If Anger Is Necessary To Feel For Emotional Health, Why Does Jewish Law Prohibit It?

Dear Jew in the City,

Let’s say a teenager wasn’t able to express his real thoughts growing up, because his parents actively silenced him, gave him the message his opinion wasn’t wanted or didn’t meet his emotional needs in a significant way? In order to heal, he’s supposed to go through different stages of emotions. One stage is to feel sad for what he missed. Another is to feel angry for what he missed. The goal isn’t to remain in an angry state, but that state must be experienced in order to “stand up for” the inner child who didn’t have his needs met in a significant way. How do we square feeling angry, which is a necessary stage of healing with the Jewish law prohibiting anger?



Dear Ben,

The Rambam writes that while anger is prohibited, it is also sometimes necessary, and therefore allows a person to give others the impression that he is angry in order to teach a lesson about the seriousness and importance of a given issue. This question (that is now being asked) is obviously different in that the anger is real, but it is similar in the sense that this is anger that serves a purpose, rather than being a characteristic one is attempting to acquire.

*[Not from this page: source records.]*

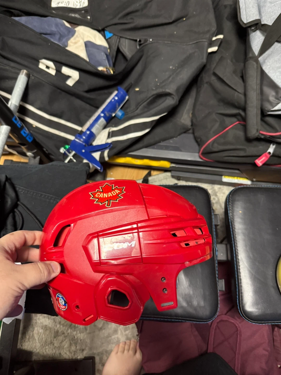Buy & SellCCM Canada Hockey Helmet - Size largeCCM Canada Hockey Helmet - Size large$70Selling a CCM hockey helmet in red with Canada maple leaf design. It features the number 99 on the back and front . Size is largerWHERE TO MEETHomeView MapSELLERverifiedPhilipMount Dennis682 reviews0 chats·0 favorites·10 viewsSEND CHAT TO SELLERHi Philip! I’m interested in your listing.Hi Philip! I’m interested in your listing.Get the Karrot app to chatSign In to chat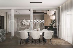Первый этаж решён как многофункциональная платформа, разделённая на три блока. Общественная зона с гостиной и кухней-столовой перетекает в террасу. Отдельный гостевой блок с двумя спальнями и кухней предназначен для длительных визитов. Третий контур — спа-зона с хамамом, сауной, комнатой отдыха и кинозалом, имеющая свой выход на участок. Такая схема позволяет одновременно проживать, принимать гостей и отдыхать, не пересекаясь по сценариям.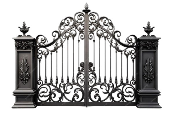 Make a statement of timeless elegance with Majestic Arborcrest, a double-leaf wrought iron driveway gate designed for grand entrances and heritage estates. Featuring symmetrical scrollwork, floral motifs, and a crowned arch with a central finial, this gate blends classical artistry with modern durability. Flanked by carved stone pillars topped with urns, it’s the kind of entrance that whispers prestige before you even step inside.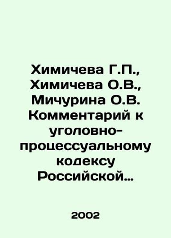 G.P. Khimicheva, O.V. Khimicheva, O.V. Michurina Commentary on the Criminal Procedure Code of the Russian Federation. In Russian /Khimicheva G.P., Khimicheva O.V., Michurina O.V. Kommentariy k ugolovno- protsessualnomu kodeksu Rossiyskoy Federatsii. Criminal Procedure for Students of the Discipline. Edited by G.P. Khimicheva. Textbook. M. Publishing House of Law. 2002. 192c. We have thousands of titles and often several copies of each title may be available. Please feel free to contact us for a detailed description of the copies available. SKUalbee650215f657118b.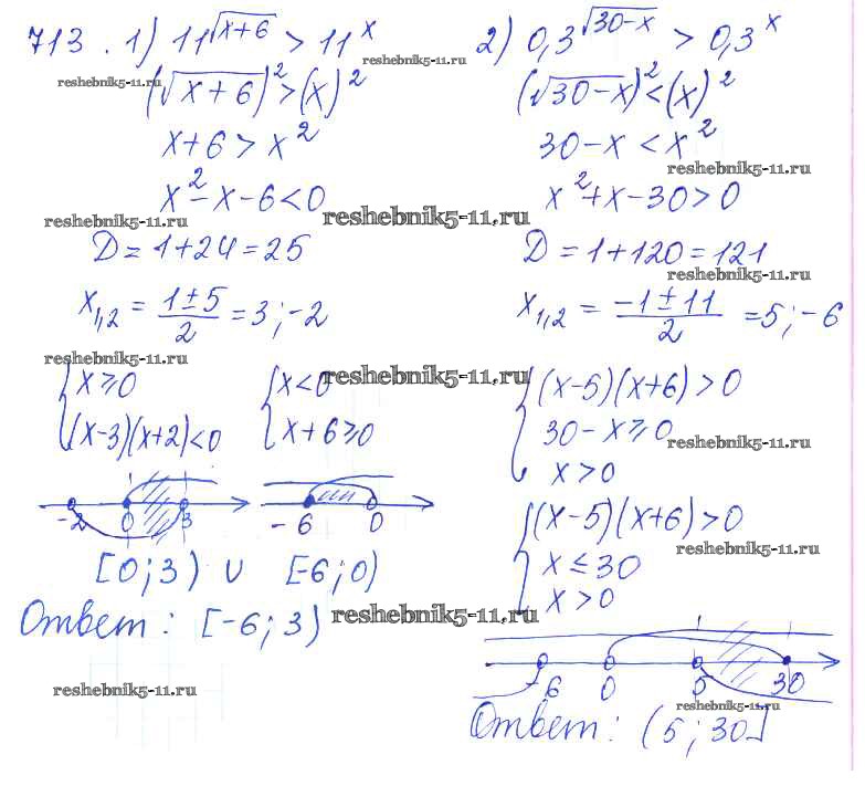Готовая домашняя работа с ответами по Алгебре за 10 класс Колягин, Ткачёва, Федорова, Шабунин Учебник Базовый и углубленный уровень Просвещение 2017 ФГОС - Упражнения 713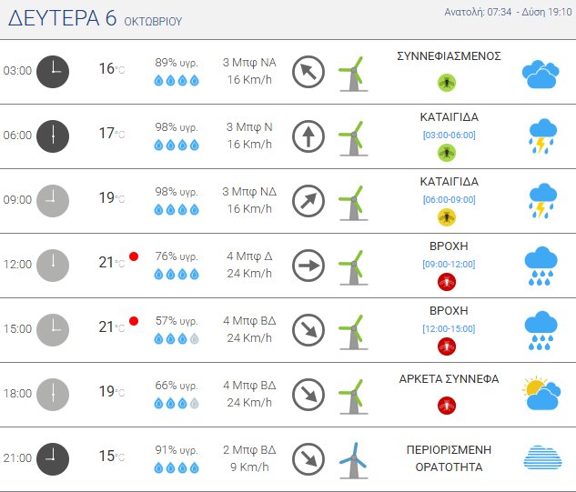 Τη Δευτέρα, 6 Οκτωβρίου 2025 αναμένονται βροχές και καταιγίδες. Σχετικά χαμηλές για την εποχή θερμοκρασίες στα δυτικά και βόρεια. Άνεμοι έως 7 μποφόρ στο Ιόνιο.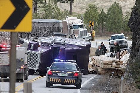At approximately 2:30 p.m., Maurice Turner, a resident of Columbia Falls, was driving east on Highway 200, when his load of timber shifted while he was rounding a corner about six and a half miles east of Paradise near mile marker 89, flipping the semitrailer on its side and sending it sliding about 50 feet, according to Montana Highway Patrolman Keith Danhof.
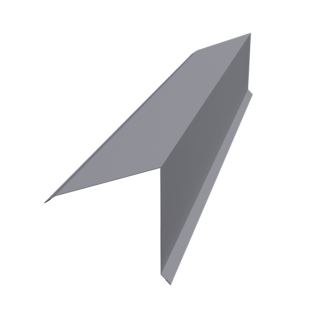 Планка конька односкатной кровли предназначена для защиты от попадания влаги, грязи в подкровельное пространство и от срыва листов порывами ветра, закрывая листы металлочерепицы или профнастила на коньке и наружных переломах кровли.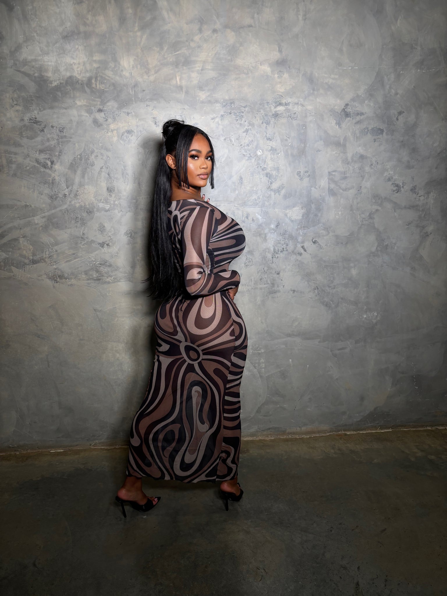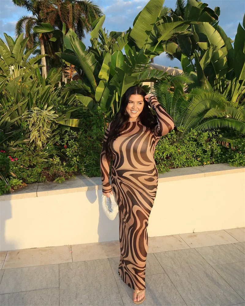 See-through, super stretchy mesh printed dress with a body-hugging fit. Model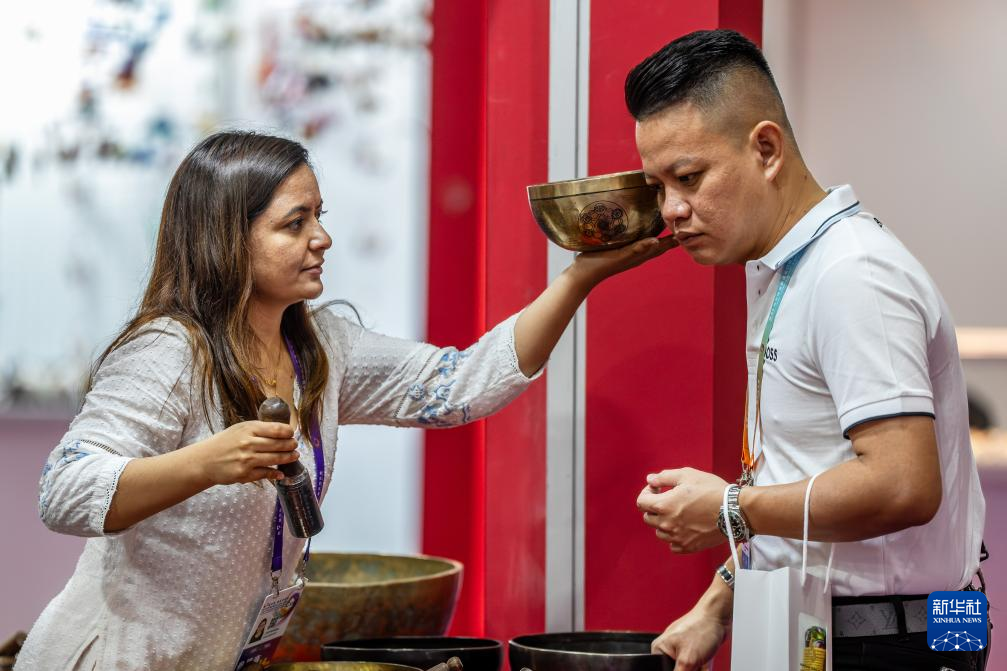 6月19日,觀眾在第9屆中國—南亞博覽會尼泊爾展區感受敲擊頌缽的聲音。新華社記者 胡超 攝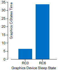 Graphical representation of the amount of time spent in each GPU sleep state (C-State). Hover over a bar to see the number of seconds your application executed in a specific sleep state. Switch to the Graphics C/P States sub-tab to view more detailed information about the time spent in each state, including graphics frequency changes over time. See Window: Graphics C\P States - Platform Power Analysis for more information.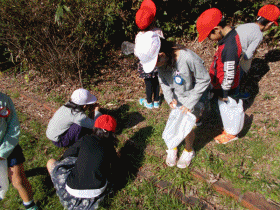11月8日(木)に1年生は、高森山周辺の公園で、どんぐりや松ぼっくりを拾いました。作りたいおもちゃに適した、大きさや形のものを一生懸命探していました。たくさん取れたので、楽しくおもちゃが作れそうですね。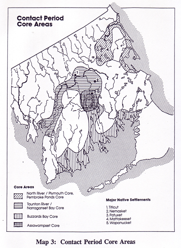 Along the lower reaches of the Taunton River, the dominant native tribe was the Pocassets, whose territory straddled the Taunton River and extended from Gardner’s Neck on the west to the Westport town line on the east, from the southerly boundary of Tiverton on the south to all of Freetown on the north. It included the present-day towns of Fall River, Somerset, the Gardner’s Neck section of Swansea, Tiverton and Freetown. The principal village of the Pocassets was Mattapoisett or Shawomet in today’s Somerset. Map 3 shows the concentration of native tribal settlements along the Taunton River corridor.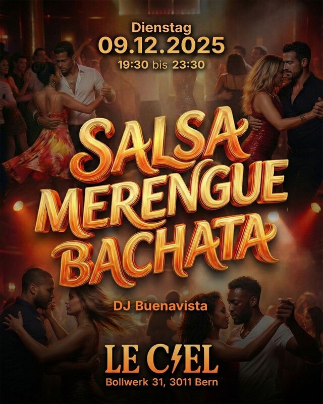T.U.S Events (Timba . Urbano . Sensual) Le Ciel Club 1 événements mardi 09 décembre 2025 19h30 SALSA BERN Avez-vous été à cet événement? Ajouter vos photos! BIG NEWS in Bern – Club Le Ciel 🎶 Mach dich bereit für eine heiße Nacht voller Salsa, Merengue und Bachata! 🗓 Dienstag, 9. Dezember 2025 🕢 Von 19:30 bis 23:30 Uhr 📍 Club Le Ciel – Bollwerk 31, 3011 Bern 🎧 DJ BUENAVISTA 💸 Eintritt: 10 CHF Prix d'entrée: CHF 10.00 Share on Facebook Événements mar, 3. mar. 19:30 SALSA URBAN BACHATA BERN Le Ciel Club Bern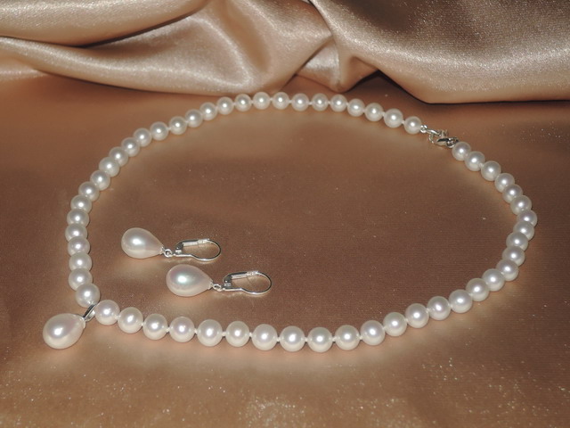 Nádherný elegantný set šperkov obsahuje náhrdelník RSND7580AAAwQ a náušnice zo sladkovodných bielych perál veľkosti 7,5 - 8 mm a jednej perly tvaru slzy veľkosti cca 10 x 13 mm. Na šperky sú použité okrúhle perly v kvalite AAA s hladkým povrchom a veľmi vysokým leskom. Chybičky na povrchu perál sa nevyskytujú vôbec, alebo len výnimočne. Náhrdelník je viazaný na pevnej hodvábnej niti a medzi každou perlou sú uzlíky kvôli krajšiemu vzhľadu a bezpečnosti. Má dĺžku cca 45 cm a ukončený je karabínou zo striebra rýdzosti 925/1000. Na požiadanie vyrobíme náhrdelník v iných dĺžkach, prípadne s iným uzáverom (zlatým) s primeraným zvýšením, alebo znížením ceny. Kovania náušníc sú taktiež vyrobené zo striebra rýdzosti 925/1000. Náušnice je možné vymeniť za iné podľa ponuky v e-shope za príplatok. K tomuto setu šperkov môžeme vyrobiť aj náramok podľa požiadavky. Šperky sú vhodné na vzácne príležitosti.Šperky posielame v darčekovom balení spolu s certifikátom pravosti a v rámci Česka a Slovenska máte dopravu zdarma.

Therefore, since the goal is to get through the anger in order to heal, and not to stay in an angry state – it is acceptable.*

*Please note: It’s important for me to emphasize that I am a rabbi, not a mental health professional, and so my answer to these questions can only focus on the halachic-rabbinic side of things. It may very well be that in addition to a rabbi, a therapist must be involved in the process, and use the tools at his disposal to assist and direct.